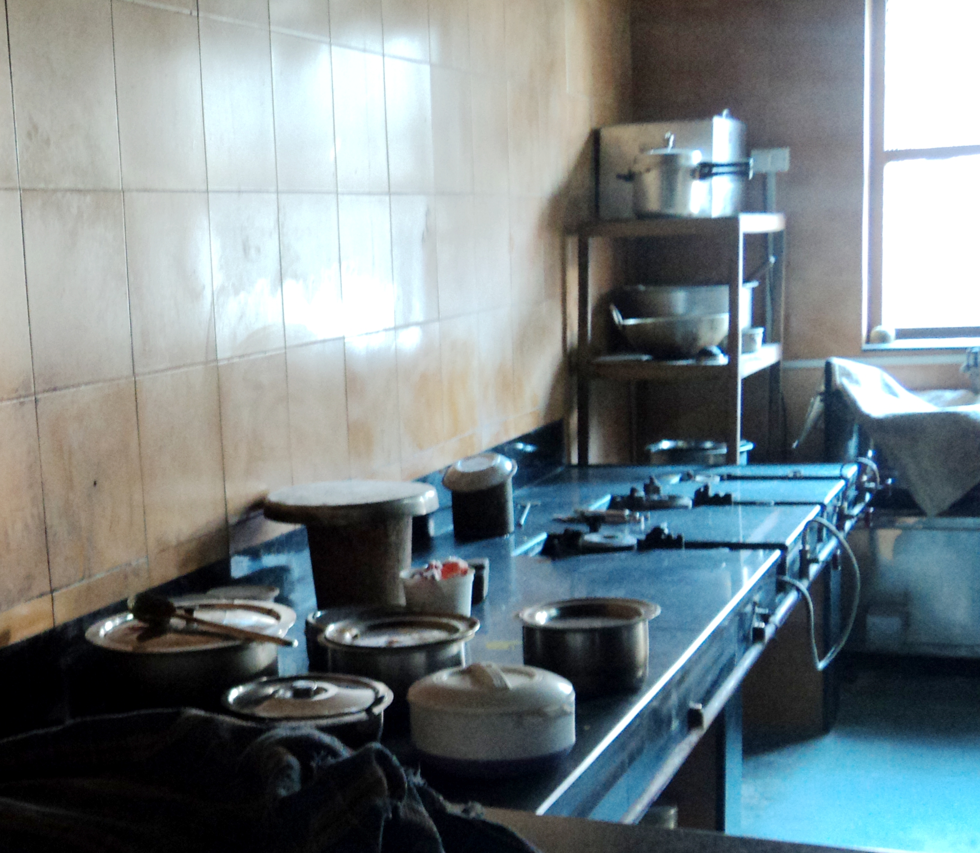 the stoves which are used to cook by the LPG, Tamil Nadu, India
* * *
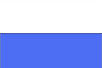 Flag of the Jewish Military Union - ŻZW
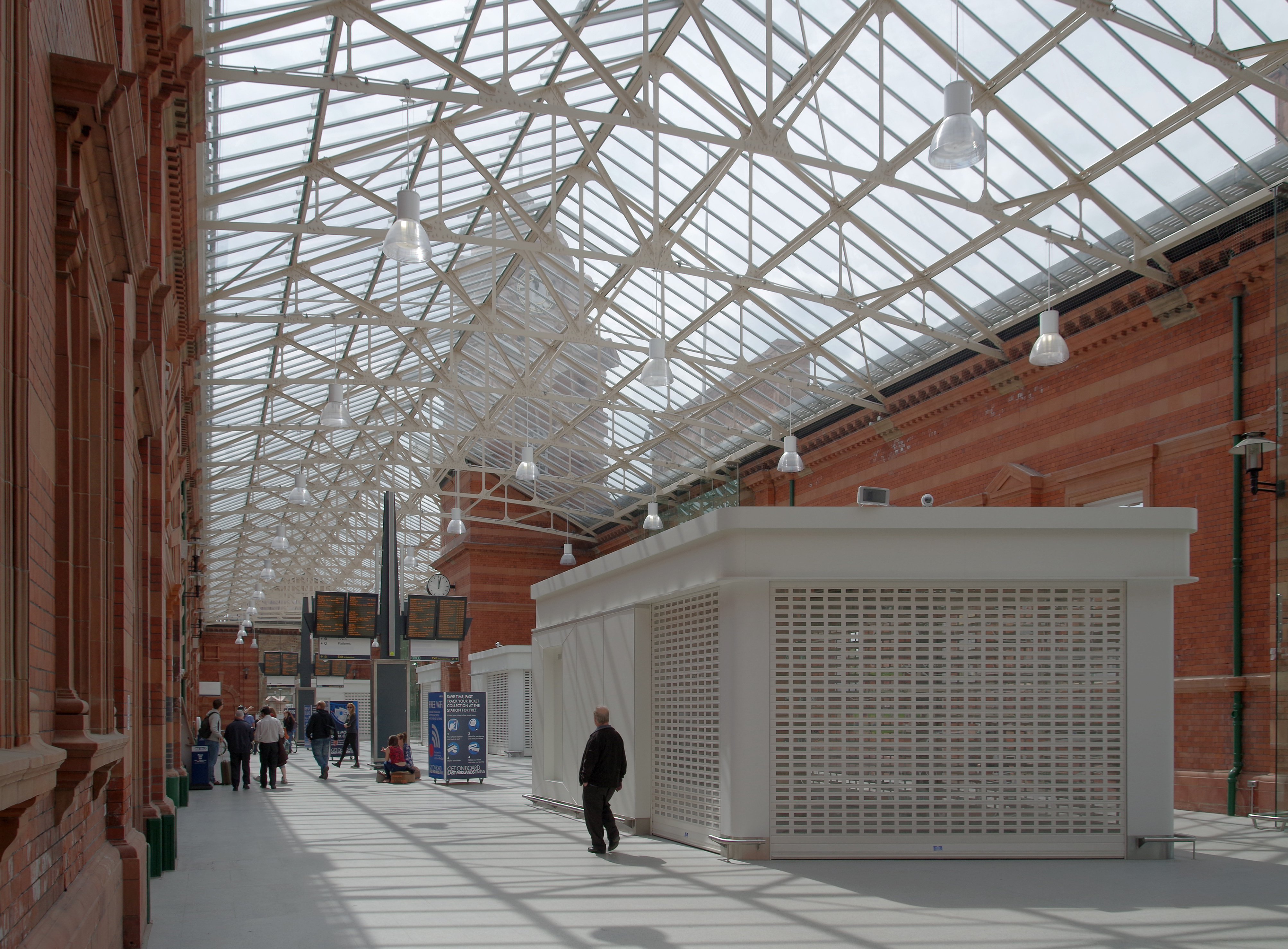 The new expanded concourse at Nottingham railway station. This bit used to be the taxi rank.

### EXERCISE BRIEF
Go back to the lines above and output, exactly as they stand, the ones from the line containing "Flag of the Jewish Military Union - ŻZW" to the line containing "The new expanded". Leave all pictures behind.

### THE ANSWER
 Flag of the Jewish Military Union - ŻZW
 The new expanded concourse at Nottingham railway station. This bit used to be the taxi rank.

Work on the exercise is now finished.